Handling DbxClientV2 Instances
The android example uses a static DbxClientV2 instances for all requests. This is safe and should not cause any problems since the client is a thin, thread-safe wrapper around your HTTP client. There are no resources that are held by the client. So you can create them as many times as you want or use a singleton pattern.
You must, however, be careful with your HTTP client. The Dropbox SDK can either use the native Java network stack or an HTTP client of your choosing. The android example uses the OkHtttp3 client for issuing requests. These clients are generally only created once for an app and shared for all network requests. A common practice is to have an HTTP client with a configured connection pool that is shared across your app.
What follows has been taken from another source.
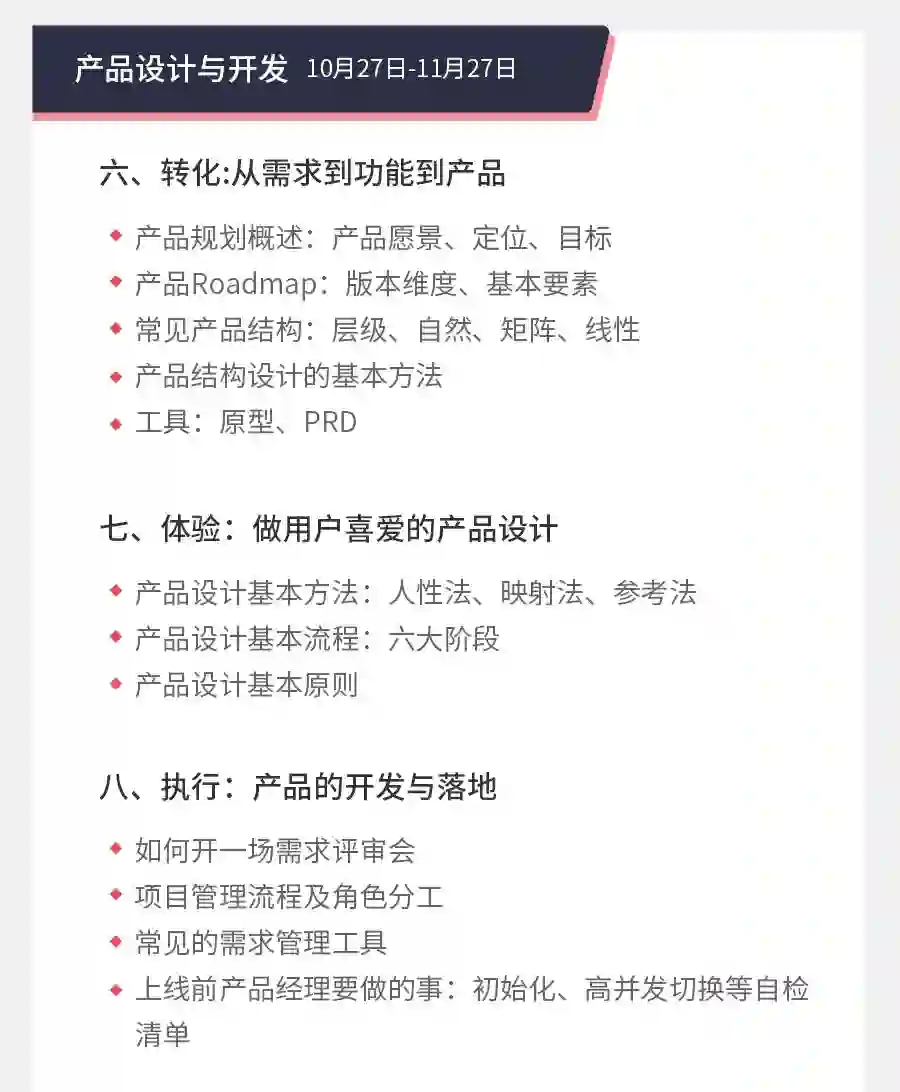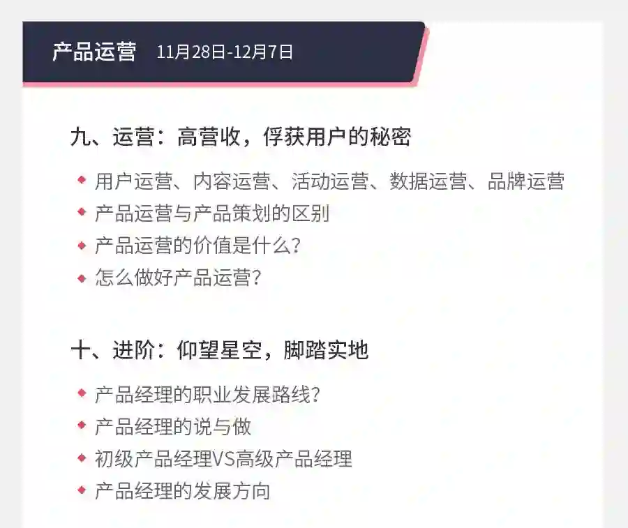 无论你是对产品岗感兴趣但缺乏系统知识的还是想要转岗入行但缺乏坚实基础的产品新人,这门课程都能很好地帮助你。

In this case, every time you create an SDK client, you would want to pass in the same instance of your HTTP client.
Below is an example of how to share an OkHttp3 client across your app and the Dropbox SDK:
OkHttpClient httpClient = OkHttpClient.newBuilder()
.connectionPool(new ConnectionPool(8, 30, TimeUnit.SECONDS))
.build();
DbxRequestConfig requestConfig = DbxRequestConfig.newBuilder("MyTestApp/1.0")
.withHttpRequestor(new OkHttp3Requestor(httpClient))
.build();
DbxClientV2 dbxClient = new DbxClient(requestConfig, accessToken);
// ... issue Dropbox requests with dbxClient
// ... issue other requests with httpClient
Let me know if you have any other concerns.